--- Data excerpts ---
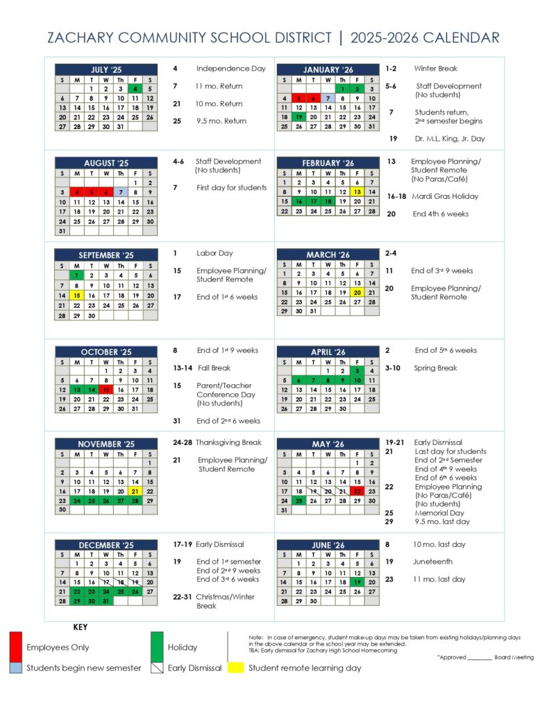 ZACHARY COMMUNITY SCHOOL DISTRICT LA Calendar 25 26 Revised PDF
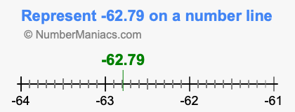 Representing negative 62.79 on the number line is a little more tricky. To locate -62.79, we start from 0 and go 62.79 to the left to locate -62.79 on the number line. Below is an illustration showing you where negative 62.79 is on a number line.
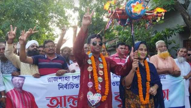 রাসিক ১৯ নং ওয়ার্ড কাউন্সিলর সুমনের বিজয় মিছিল
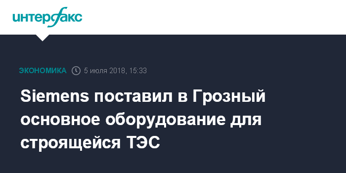 Siemens поставил в Грозный основное оборудование для строящейся ТЭС
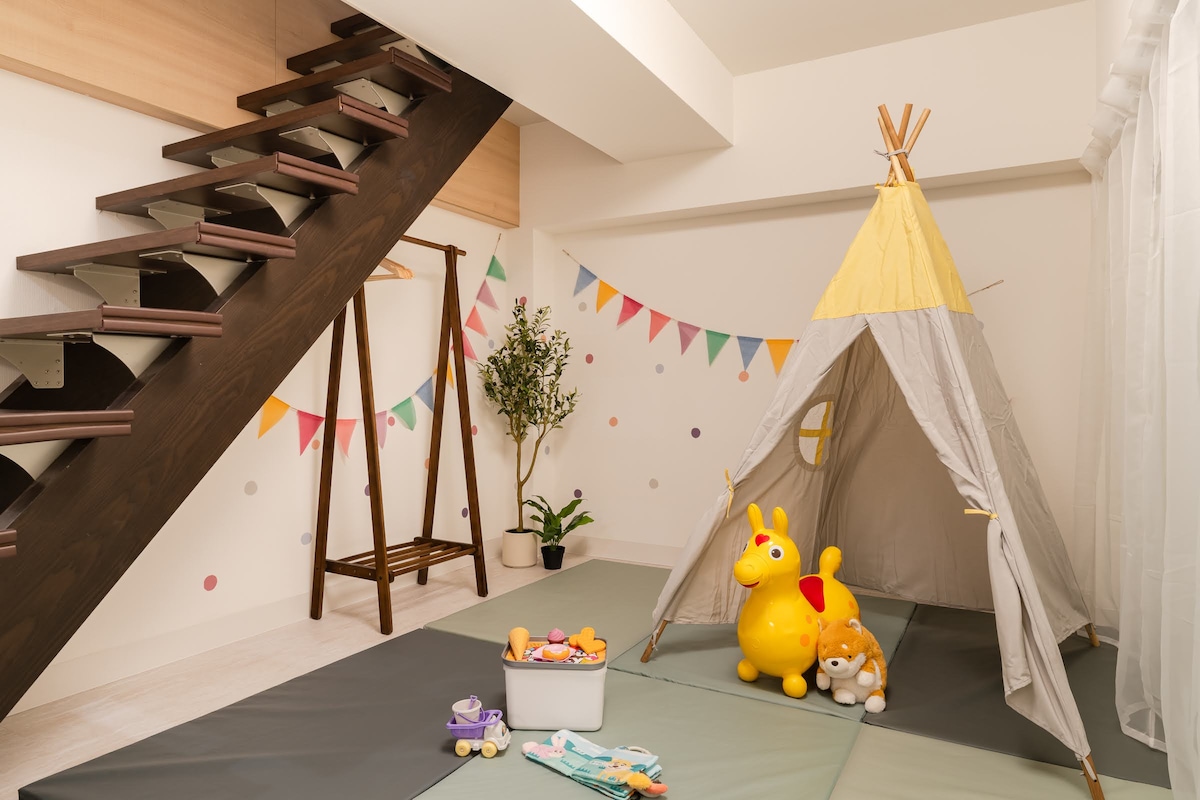 距离涩谷站仅2分钟电车路程,位于涩谷区的惠比寿是一个结合了精致氛围与便利性的热门区域,连续多年荣登“日本人最想居住街区排行榜”第一名。房间距离惠比寿站步行仅3分钟。 这里汇聚了从米其林餐厅到隐秘美食店的多样餐饮,可品尝到来自世界各地的料理和当季美味。咖啡馆和酒吧也很丰富,夜晚同样时尚宜人。 室内经过翻新,配备全新家具和家电,采用现代工业风设计。35平方米空间最多可容纳6人(建议4人),治安良好,适合家庭入住。卧室的壁橱改造成专注工作区,配备高速Wi-Fi,非常适合远程办公。 虽然没有电梯,但5楼的房间远离喧嚣,环境宁静。阳台设有人造草坪、椅子和桌子,春天可边赏樱花边放松。 代官山、中目黑也在步行范围内,购物和街头漫步轻松自在。无论是主要观光、品尝美食、工作还是休闲,惠比寿都能让您享受舒适且特别的东京之旅。

--- Task item ---
Do not include images; quote all of the entries above exactly.

--- Written response ---
 ZACHARY COMMUNITY SCHOOL DISTRICT LA Calendar 25 26 Revised PDF
 Representing negative 62.79 on the number line is a little more tricky. To locate -62.79, we start from 0 and go 62.79 to the left to locate -62.79 on the number line. Below is an illustration showing you where negative 62.79 is on a number line.
 রাসিক ১৯ নং ওয়ার্ড কাউন্সিলর সুমনের বিজয় মিছিল
 Siemens поставил в Грозный основное оборудование для строящейся ТЭС
 距离涩谷站仅2分钟电车路程,位于涩谷区的惠比寿是一个结合了精致氛围与便利性的热门区域,连续多年荣登“日本人最想居住街区排行榜”第一名。房间距离惠比寿站步行仅3分钟。 这里汇聚了从米其林餐厅到隐秘美食店的多样餐饮,可品尝到来自世界各地的料理和当季美味。咖啡馆和酒吧也很丰富,夜晚同样时尚宜人。 室内经过翻新,配备全新家具和家电,采用现代工业风设计。35平方米空间最多可容纳6人(建议4人),治安良好,适合家庭入住。卧室的壁橱改造成专注工作区,配备高速Wi-Fi,非常适合远程办公。 虽然没有电梯,但5楼的房间远离喧嚣,环境宁静。阳台设有人造草坪、椅子和桌子,春天可边赏樱花边放松。 代官山、中目黑也在步行范围内,购物和街头漫步轻松自在。无论是主要观光、品尝美食、工作还是休闲,惠比寿都能让您享受舒适且特别的东京之旅。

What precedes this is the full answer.